Supplied information:

%%

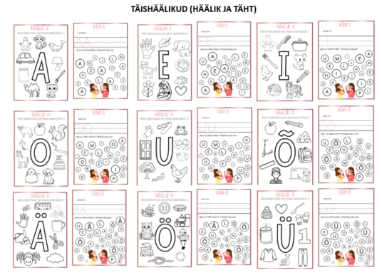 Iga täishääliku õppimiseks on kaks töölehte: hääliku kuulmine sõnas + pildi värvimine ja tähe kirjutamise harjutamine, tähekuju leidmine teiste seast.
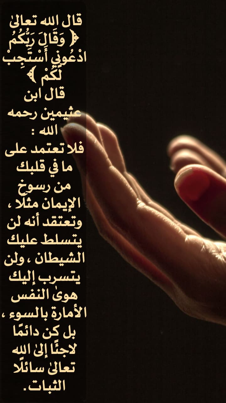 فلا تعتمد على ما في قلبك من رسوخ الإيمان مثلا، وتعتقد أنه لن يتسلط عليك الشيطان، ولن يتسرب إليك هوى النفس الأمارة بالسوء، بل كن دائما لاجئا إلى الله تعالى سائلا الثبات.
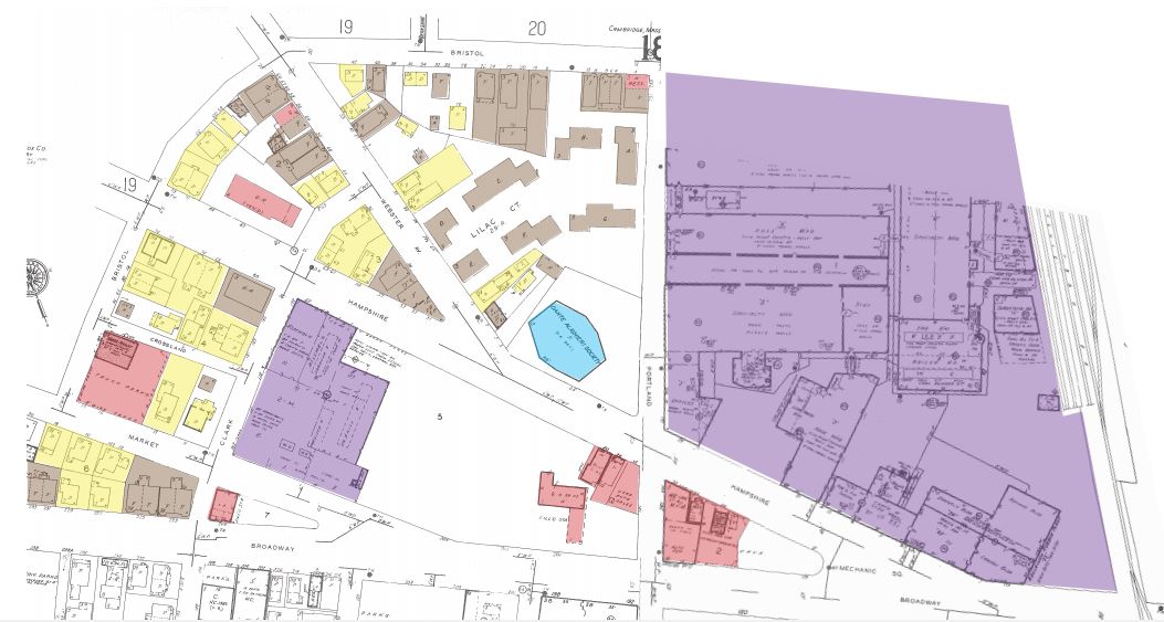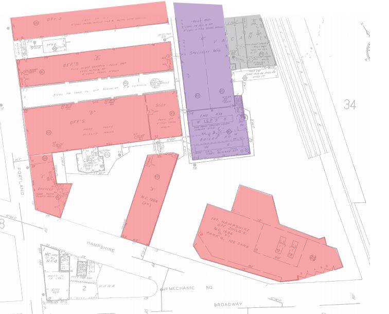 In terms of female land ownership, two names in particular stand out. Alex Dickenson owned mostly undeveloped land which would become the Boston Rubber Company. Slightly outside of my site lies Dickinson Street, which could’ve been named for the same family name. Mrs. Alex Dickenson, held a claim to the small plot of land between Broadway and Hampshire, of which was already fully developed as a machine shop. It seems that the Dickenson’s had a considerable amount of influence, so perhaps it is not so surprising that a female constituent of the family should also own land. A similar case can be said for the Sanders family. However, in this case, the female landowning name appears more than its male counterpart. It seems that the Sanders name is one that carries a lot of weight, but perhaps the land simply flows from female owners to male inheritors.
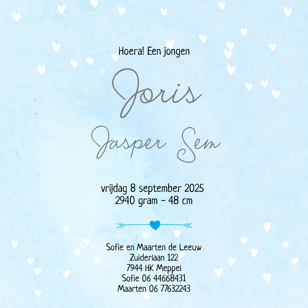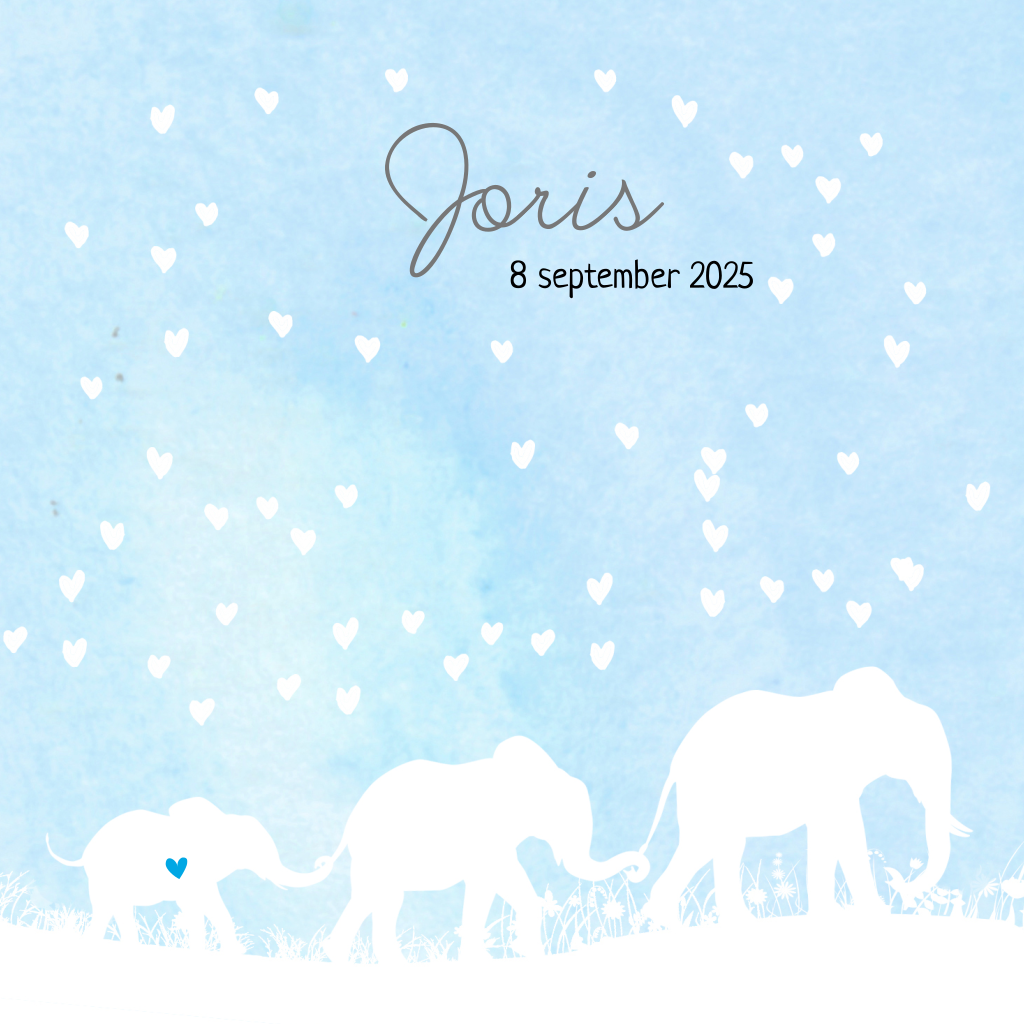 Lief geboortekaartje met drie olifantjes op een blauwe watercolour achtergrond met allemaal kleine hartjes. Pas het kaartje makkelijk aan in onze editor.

%%

A word-for-word copy of the listing is needed, with no pictures in it.

 Iga täishääliku õppimiseks on kaks töölehte: hääliku kuulmine sõnas + pildi värvimine ja tähe kirjutamise harjutamine, tähekuju leidmine teiste seast.
 فلا تعتمد على ما في قلبك من رسوخ الإيمان مثلا، وتعتقد أنه لن يتسلط عليك الشيطان، ولن يتسرب إليك هوى النفس الأمارة بالسوء، بل كن دائما لاجئا إلى الله تعالى سائلا الثبات.
 In terms of female land ownership, two names in particular stand out. Alex Dickenson owned mostly undeveloped land which would become the Boston Rubber Company. Slightly outside of my site lies Dickinson Street, which could’ve been named for the same family name. Mrs. Alex Dickenson, held a claim to the small plot of land between Broadway and Hampshire, of which was already fully developed as a machine shop. It seems that the Dickenson’s had a considerable amount of influence, so perhaps it is not so surprising that a female constituent of the family should also own land. A similar case can be said for the Sanders family. However, in this case, the female landowning name appears more than its male counterpart. It seems that the Sanders name is one that carries a lot of weight, but perhaps the land simply flows from female owners to male inheritors.
 Lief geboortekaartje met drie olifantjes op een blauwe watercolour achtergrond met allemaal kleine hartjes. Pas het kaartje makkelijk aan in onze editor.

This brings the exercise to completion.